You can not go into a book with a title like Last Ones Left Alive with the idea that it is going to be at all cheery. It opens on Orpen, a teenage girl and her dog, pushing a wheelbarrow across an empty Ireland. In the wheelbarrow is Maeve, who is sick in some way that soon becomes clear. Orpen is on a mission to get Maeve to a place called Pheonix City where she can be cured and the pair will be safe. But there is plenty of danger along the way, and there is a reason why Orpen is basically on her own.
That’s right, Last Ones Left Alive is, as the name implies, firmly in post-apocalyptic territory. Something has happened which at some point in the past turned the population of Ireland, and implicitly the rest of the world, into bloodthirsty zombie-like creatures called skrake. The skrake are undead, they move in packs, they are very hard to kill and if they bite you, you have about two weeks before you turn into a skrake yourself. Orpen, trained as a fighter on a remote island by Maeve and her mother, has to navigate a blasted landscape and deal with skrake attacks. But it turns out that the thing she finds hardest is dealing with, and trusting other human survivors.

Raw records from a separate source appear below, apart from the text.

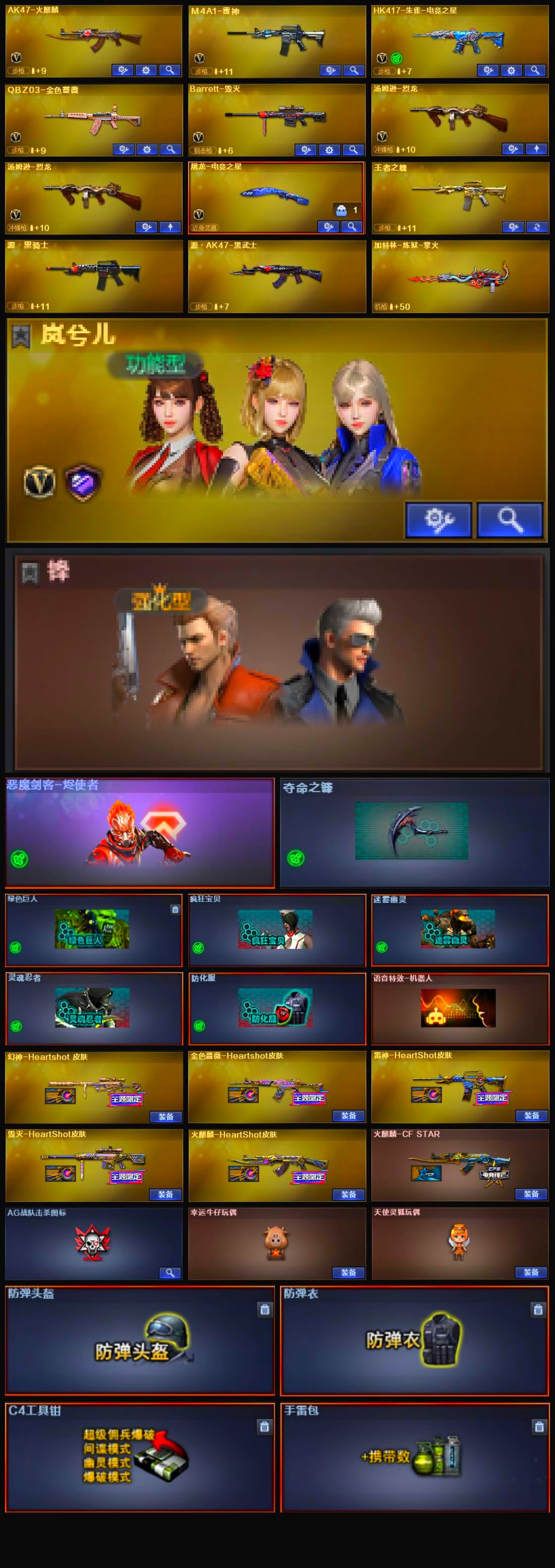 FH0238【湖北一区/11V/vip1】【幻神-Heartshot 皮肤】【QBZ03-金色蔷薇】【M4A1-雷神/雷神-HeartShot 皮肤】【Barrett-毁灭】【AK47-火麒麟/火麒麟-CFSTAR】【天龙-CFSTAR】【汤姆逊-烈龙*2】【修罗-CFSTAR】【岚兮儿/兔囡囡】【Colt1911-小故障】【王者之魄】【语音特效-生化/语音特效-机器人】【运动护目镜/超级对讲机/防弹头盔/防弹衣/C4工具钳/手雷包/防化服】
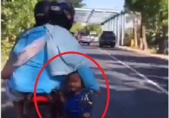 6 Tahun yang lalu - Anak kecil itu ditempatkan pada keranjang besi, mirip seperti keranjang untuk membawa galon di motor.
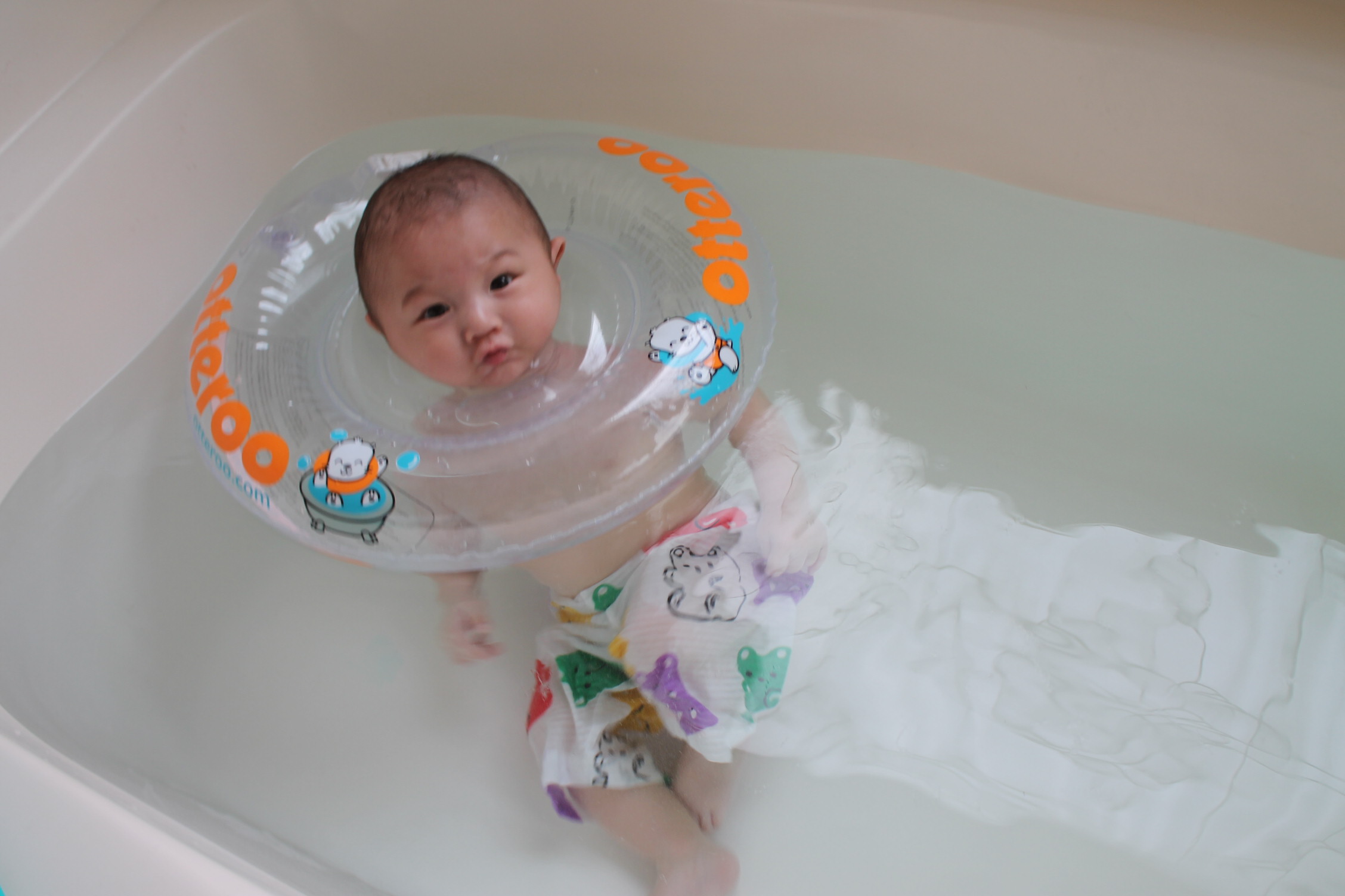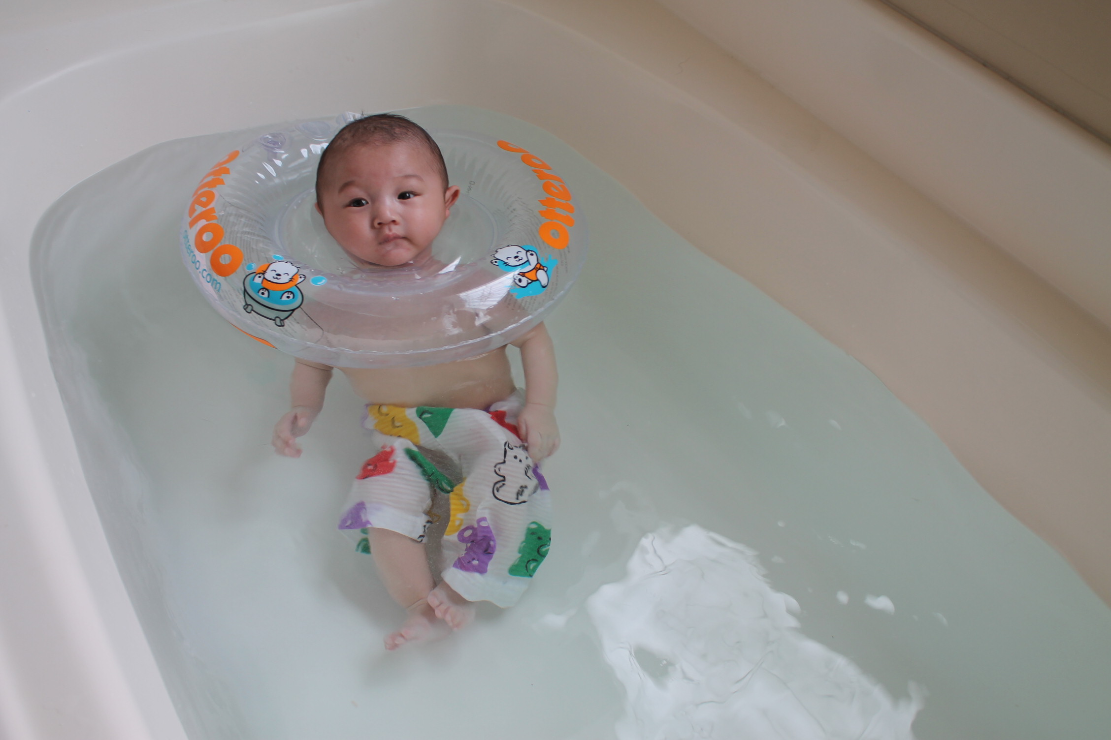 물놀이 신이 난 노엘이다. 목 듀브를 해주었더니 이렇게 좋아하고 즐기는 모습을 볼 수가 있었다. 이제는 자유롭게 뒤집기의 신기술을 보여 주면서 물놀이하는 모습은 행복한 일상을 전달해준다. 한참 보고 또 봤던 노엘의 모습 속에서 즐기고 좋아한다는 모습을 역력히 발견할 수가 있었다. 좋고 싫음을 완벽하게 구분해내고 있었다.

Debut author Sarah Davis-Groff’s point of difference from some of the other many zombie tales is the story of her protagonist. Orpen was raised to be a survivor, handy with a handful of knives but not able to communicate confidently with other people. She has to learn what it means to be both a survivor and a human being, to regain some of her humanity while dealing with pain, loss and an implacable enemy. This is a bit of a girl-power zombie tale, with Orpen having been raised on the myth of a group of zombie-fighting women called Banshees, a group that Orpen’s guardians may well have once been a part of.

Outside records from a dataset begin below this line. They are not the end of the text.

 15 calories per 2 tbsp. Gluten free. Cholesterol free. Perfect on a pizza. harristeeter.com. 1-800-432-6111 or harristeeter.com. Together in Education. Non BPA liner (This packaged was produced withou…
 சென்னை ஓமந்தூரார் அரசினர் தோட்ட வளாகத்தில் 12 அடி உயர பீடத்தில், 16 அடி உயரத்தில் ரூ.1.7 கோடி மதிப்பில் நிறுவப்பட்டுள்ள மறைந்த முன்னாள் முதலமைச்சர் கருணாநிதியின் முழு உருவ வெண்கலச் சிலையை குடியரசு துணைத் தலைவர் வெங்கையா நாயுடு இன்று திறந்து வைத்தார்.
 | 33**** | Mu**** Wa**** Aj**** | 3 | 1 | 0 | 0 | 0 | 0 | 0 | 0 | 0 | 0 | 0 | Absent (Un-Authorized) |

But aside from that, Last Ones Left Alive is pretty standard Walking Dead-style zombie fare. It follows many of the rules of zombie road-trip books and movies – rotting undead that are difficult to kill and move in packs, broken roads and abandoned towns, the myth of a human sanctuary to strive for, and terrible decisions to make involving loved ones. This one just happens to be set in the emerald hills of Ireland so is replete with celtic names and Irish locations. But the beats are generally the same. So while there are some effective twists, mainly coming from the alternative present and past chapters of the narrative, the main plot is nothing new. But for those readers who still can not get enough zombies, this has enough originality to make the journey worthwhile.